Crosmahon (Kilmurry Parish) reads Mahon's Cross. Some think that this refers to that Mahon brother of Brian Boru who was slain by order of Maolmuadh. I do not concur. From its position, it is unlikely to have been associated with Mahon's death. It may refer to one of many Mahons whose names occur among the chiefs who ruled this district.

Currabeha (Kilmurry Parish) is south of Coolmacow. Here again we have Curra and beith, the birch tree, meaning the homestead of the birch tree.

Curraclogh (Kilmurry Parish) is derived from Curra, an enclosure, or homestead. and cloch, a stone or stones in plural, to distinguish it from earthen mounds or lioses. There is another townland of similar import near Bandon. Some people confuse this root word with Corrach, a marsh.
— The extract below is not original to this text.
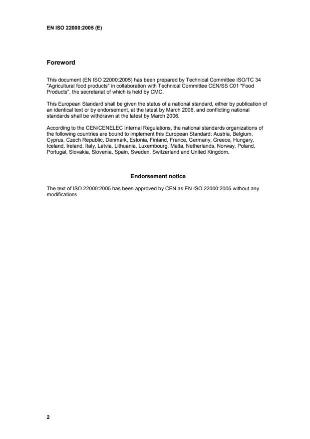 Food safety management systems - Requirements for any organization in the food chain (ISO 22000:2005)

Curraineenbrien (Kilbonane parish) is an intriguing word. When analysed it gives the words, Curra, enclosure or homestead; inghean, daughter, and Brian, (Brian Boru), that is the residence of the daughter of Brian Boru. Sadhbh, or Sabia, who married Cian, King of the Ui Eachach. This townland is not far from Rath Raithleann and indicates that the royal forts extended a pretty good way from the King's residence.

Deermount (Kilmurry Parish) is an anglicization of Cnoc a' cairrfhiadh. Cnoc, a hill, and cairrfhiadh, a wild deer.

Dooniskey, (Kilmurry Parish) is apparently derived from Dun, a fort, and uisge, water, the rampart being once surrounded with a water trench for defence. An alternative explanation, I suggest, is Dun-na-sgiath, the fort of the shields. We have Lios-na-sciath, in the north.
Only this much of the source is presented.